“Oh, fiddlesticks! Another dratted hornworm has eaten a plant. How exceedingly grumpy I am.”
You’d correctly guess these were not my exact words as I plucked the corpulent caterpillar from the stick formerly known as a lush jalepeño pepper, but they’re close enough for this article.
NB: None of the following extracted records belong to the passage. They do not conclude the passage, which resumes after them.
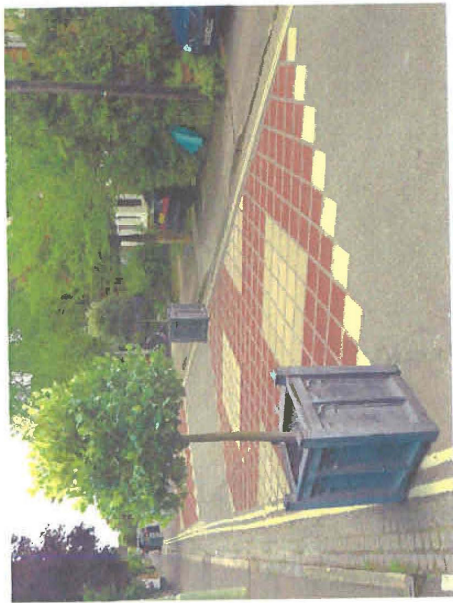
ITEMS 1, 3, 5, 11, 16, 18: Road paint pattern

BEECH CROFT ROAD PROPOSED DIY STREET PLAN DRAFT 10.3 23 MAY 2009 Refer to specification sheet for details of these DIY features Beech Croft Road, Summertown, Oxford OX2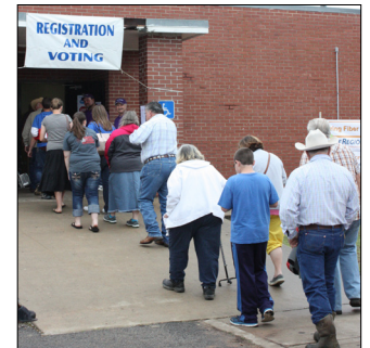
File photo from 2016 Annual Meeting

Under LREC's Bylaws, each year the Cooperative holds an annual meeting the last Saturday in April. This year's meeting is scheduled for April 28th. At the annual meeting, LREC members can meet with the board of trustees and co-op staff and receive an update regarding the Cooperative's activities during the past year. The meeting also brings the annual election of board members, which represents you, the members of the co-op. Members can cast their ballots at the meeting; enjoy a free meal and visit with other members of the cooperative.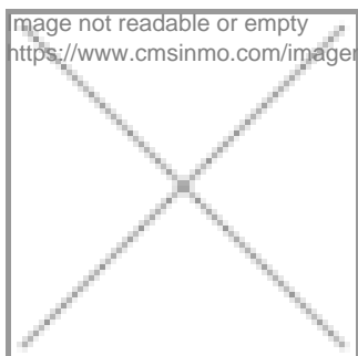
Image not readable or empty https://www.cmsinmo.com/imagenes/uploads/inmu/4/9193/img09193.jpg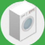
Washing Machine & Dryer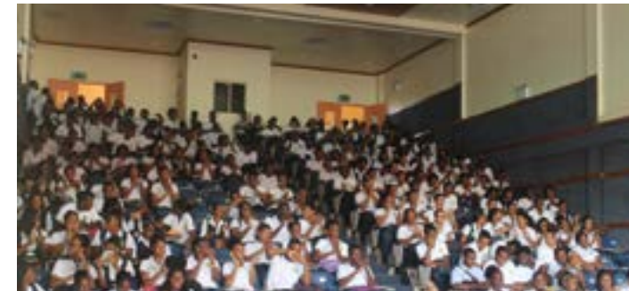
Students at SVGCC, Villa Campus

Payments commenced on Friday 7th November and continued to Friday 21st November.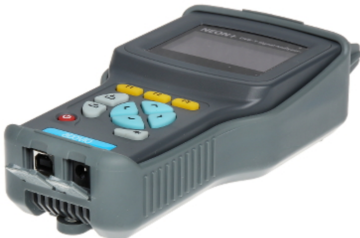
Top view (input connector visible):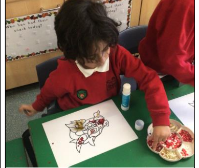
Creating dragons for Chinese New Year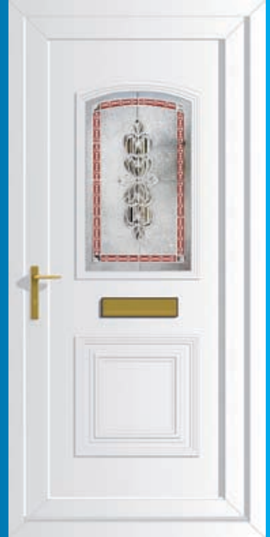
Victorian S1 Ruby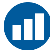
Cooperative Performance & Research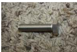
Stainless Transom Bolt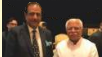
Sh. Manohar Lal Khattar Minister of Housing, Urban Affairs & Power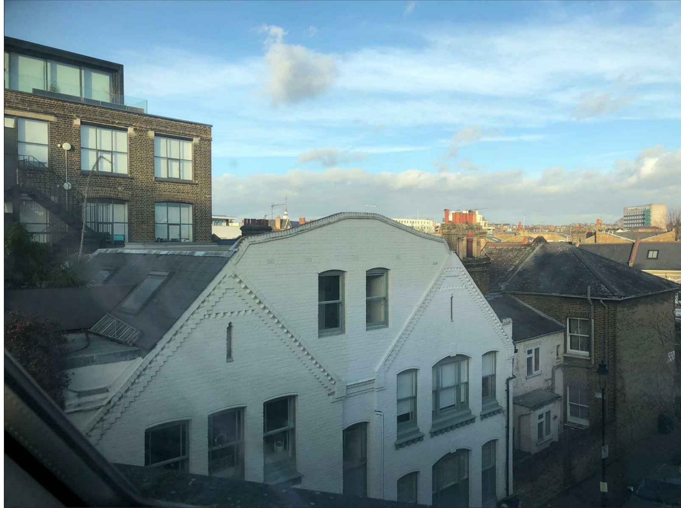
View from existing window looking at No1 Perren Street

Note This drawing is not to be scaled. Use figured dimensions only. All dimensions are to be checked on site and any discrepancies, errors or omissions are to be reported to the architect prior to commencement of works.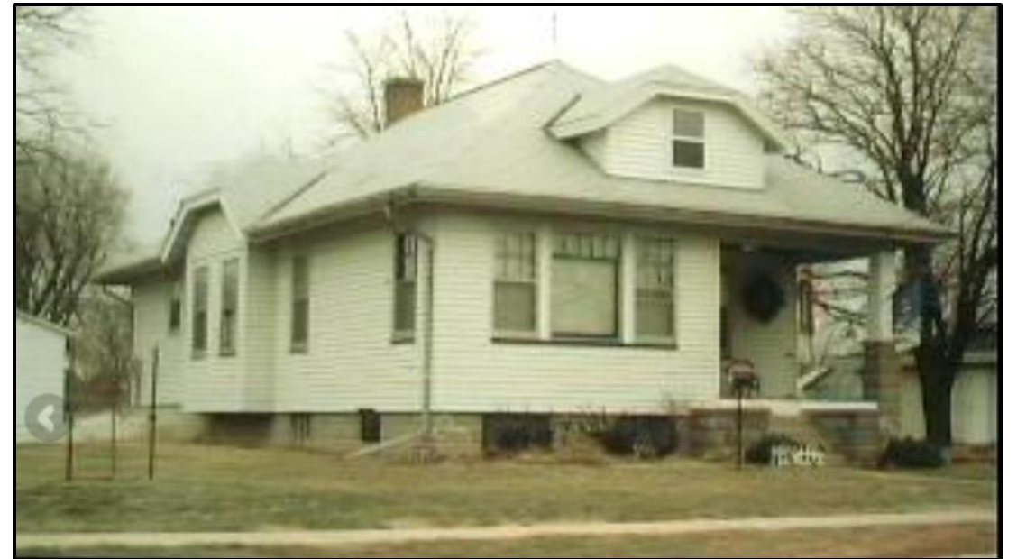
Photo top right courtesy of Brimfield Historical Society, bottom right Peoria County GIS, top left from Small Houses of the Twenties 1991 by Dover Publications, page 64

当我把这只幼虫送进鸡笼时,我感到一种可以理解的幸灾乐祸——就像今年夏天我发现的其他所有幼虫一样。在阳光的照射下,我看到在一片褐色的西葫芦叶子的对面,有各种各样的南瓜虫在乱窜。如果我眯起眼睛,穿过草地,看到秋天种下的大头菜开始扎堆,我发现我的一只鸭子正在对我的韭菜下手。把她从剩下的小疙瘩上吓跑后,我叹了口气,开始把水管连到雨桶上——过去一周都没下雨了,花园开始显得紧张起来。
Though it may sound so, this is no list of complaints. Perhaps I could just as easily write about the overwintered kale that produced lush greens well before anything I planted in the spring, or the gorgeously smooth beets that grew larger than the packet said they would, but you’ve seen those photos in every gardening book and read those humblebrags online all summer.
相反,在这篇文章中,我想谈谈那些不能上instagram的花园日子。失败的种植,无果的努力,以及满是害虫的产品,味道很好,但肯定不是咖啡桌的材料。因为这是一种现实的园艺——我们大多数人都经历过的那种。正如你可能知道的,每一篮美丽的馈赠,往往也有枯萎的藤蔓。
What do you do with the inevitable failures? Make the most of them! Here are some hopeful ways to turn the frustration into motivation and education. And after each section, I’ve listed a potential remedy to the situation.
Figuring Out the Reasons
If you really want to learn how to garden, or to eventually be self-sufficient, the worst thing you can do with failure is to simply declare yourself a black thumb and call it a day. And don’t resort to hanging over the fence, seething with private jealousy over your neighbor’s unfairly lush veggies, allowing comparison to steal every ounce of joy from your efforts. Instead, put on your detective hat and see if you can find out the reasons for your underwhelming garden. Here are some common mistakes or problems that may have befallen your food plot … maybe the reason you’re looking for is here.
Timing Troubles
植物想要生长,但它们想要在它们准备好的时候生长。如果你在生长的一年中仔细观察一片荒野,你会看到随着季节的变化,各种各样的花和草在其中穿梭。它们完全适合在自己的最佳时间生长,而且它们几乎被留给自己在适当的时刻生长。
但是有了花园,我们就有了一个人造的环境。我们,园丁,播下种子,从土壤中开始,有时我们会因为过度热心的园艺或无知而错过时机。例如,我在宅地的第一年,我兴奋地在四月种下秋葵种子。这些可怜的小东西尽职地发芽了,但在春天的寒冷中挣扎,永远长不到一英尺高。整整一个半月后,我重新种下的种子(在秋葵喜欢的酷热中)茁壮成长。
其他植物对日照长度非常敏感。例如,中国的长豇豆只有在夏至后才开始开花结荚。早点种植,它们很可能会发芽,然后停止生长,直到白昼变短,它们可以继续生长。
结论:如果植物似乎在生长或结果停滞,也许你应该怀疑它们是在错误的时间种植的。
Remedy it with keeping a garden journal.
This is probably one of the more useful tools when it comes to knowing and growing your own food. Carefully recording what plants went where, when they were planted, and how they performed will give you a rich log of information to draw from when analyzing your successes and failures.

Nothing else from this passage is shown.